Civil Rights law involves the protection of all humans to be free in their person and property from harm caused by others. In California, a defendant may be liable for violating your civil rights if they interfere or intend to interfere with your civil rights by threats, coercion, or intimidation. “The Bane Act permits an individual to pursue a civil action for damages where another person ‘interferes by threat, intimidation, or coercion, or attempts to interfere by threat, intimidation, or coercion, with the exercise or enjoyment by any individual or individuals of rights secured by the Constitution or laws of the United States, or of the rights secured by the Constitution or laws of this state.’ ‘The essence of a Bane Act claim is that the defendant, by the specified improper means (i.e., “threat[], intimidation or coercion”), tried to or did prevent the plaintiff from doing something he or she had the right to do under the law or to force the plaintiff to do something that he or she was not required to do under the law.’ ” (King v.
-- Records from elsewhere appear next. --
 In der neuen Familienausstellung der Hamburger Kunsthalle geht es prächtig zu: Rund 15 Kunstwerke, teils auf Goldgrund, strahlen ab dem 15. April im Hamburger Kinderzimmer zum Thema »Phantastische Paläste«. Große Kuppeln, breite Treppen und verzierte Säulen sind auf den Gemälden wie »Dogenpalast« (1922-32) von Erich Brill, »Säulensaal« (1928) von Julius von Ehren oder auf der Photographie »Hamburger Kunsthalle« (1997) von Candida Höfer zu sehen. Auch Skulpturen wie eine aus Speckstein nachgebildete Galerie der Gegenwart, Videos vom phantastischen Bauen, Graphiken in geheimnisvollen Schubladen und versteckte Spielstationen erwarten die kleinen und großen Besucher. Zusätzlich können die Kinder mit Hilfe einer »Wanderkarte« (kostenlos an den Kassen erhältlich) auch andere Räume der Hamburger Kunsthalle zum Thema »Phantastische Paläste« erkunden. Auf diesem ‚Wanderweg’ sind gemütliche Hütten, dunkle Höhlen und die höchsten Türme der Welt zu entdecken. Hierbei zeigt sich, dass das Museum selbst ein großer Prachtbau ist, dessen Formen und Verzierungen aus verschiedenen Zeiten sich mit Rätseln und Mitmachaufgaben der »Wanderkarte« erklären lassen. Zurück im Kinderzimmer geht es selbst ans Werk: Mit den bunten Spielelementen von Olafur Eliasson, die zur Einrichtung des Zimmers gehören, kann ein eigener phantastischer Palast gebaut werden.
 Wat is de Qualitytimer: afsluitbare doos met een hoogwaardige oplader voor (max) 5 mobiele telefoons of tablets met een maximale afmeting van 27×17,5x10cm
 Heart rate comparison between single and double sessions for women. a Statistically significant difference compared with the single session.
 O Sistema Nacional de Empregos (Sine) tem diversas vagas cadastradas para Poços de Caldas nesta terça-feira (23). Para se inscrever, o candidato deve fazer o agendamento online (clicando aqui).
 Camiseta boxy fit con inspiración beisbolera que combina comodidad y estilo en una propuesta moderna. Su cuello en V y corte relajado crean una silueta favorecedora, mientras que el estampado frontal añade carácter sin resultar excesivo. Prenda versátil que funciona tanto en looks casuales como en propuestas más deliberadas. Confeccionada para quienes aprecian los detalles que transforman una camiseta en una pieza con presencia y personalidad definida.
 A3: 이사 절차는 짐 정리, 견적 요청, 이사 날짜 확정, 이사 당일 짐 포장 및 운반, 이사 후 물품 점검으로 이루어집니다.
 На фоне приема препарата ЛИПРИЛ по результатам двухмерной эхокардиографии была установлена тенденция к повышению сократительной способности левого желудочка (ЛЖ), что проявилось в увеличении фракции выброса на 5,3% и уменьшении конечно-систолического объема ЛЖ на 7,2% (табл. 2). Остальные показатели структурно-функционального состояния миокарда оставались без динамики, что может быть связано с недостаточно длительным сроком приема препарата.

State of California (2015) 242 Cal.App.4th 265,294 [195 Cal.Rptr.3d 286], internal citation omitted.)

Other important civil rights protections include:

Thirteenth Amendment P.L. 38-11; 13 Stat. 567; P.L. 38-52
13 Stat. 774–775
Abolished slavery and involuntary servitude, except as punishment for a crime. Approved by the 38th Congress (1863–1865) as S.J. Res. 16; ratified by the states on December 6, 1865.
Civil Rights Act of 1866 14 Stat. 27–30 Guaranteed the rights of all citizens to make and enforce contracts and to purchase, sell, or lease property. Passed by the 39th Congress (1865–1867) as S.R. 61.
Fourteenth Amendment 14 Stat. 358–359 Declared that all persons born or naturalized in the U.S. were citizens and that any state that denied or abridged the voting rights of males over the age of 21 would be subject to proportional reductions in its representation in the U.S. House of Representatives. Approved by the 39th Congress (1865–1867) as H.J. Res. 127; ratified by the states on July 9, 1868.
Fifteenth Amendment P.L. 40-14; 15 Stat. 346 Forbade any state to deprive a citizen of his vote because of race, color, or previous condition of servitude. Approved by the 40th Congress (1867–1869) as S.J. Res. 8; ratified by the states on February 3, 1870.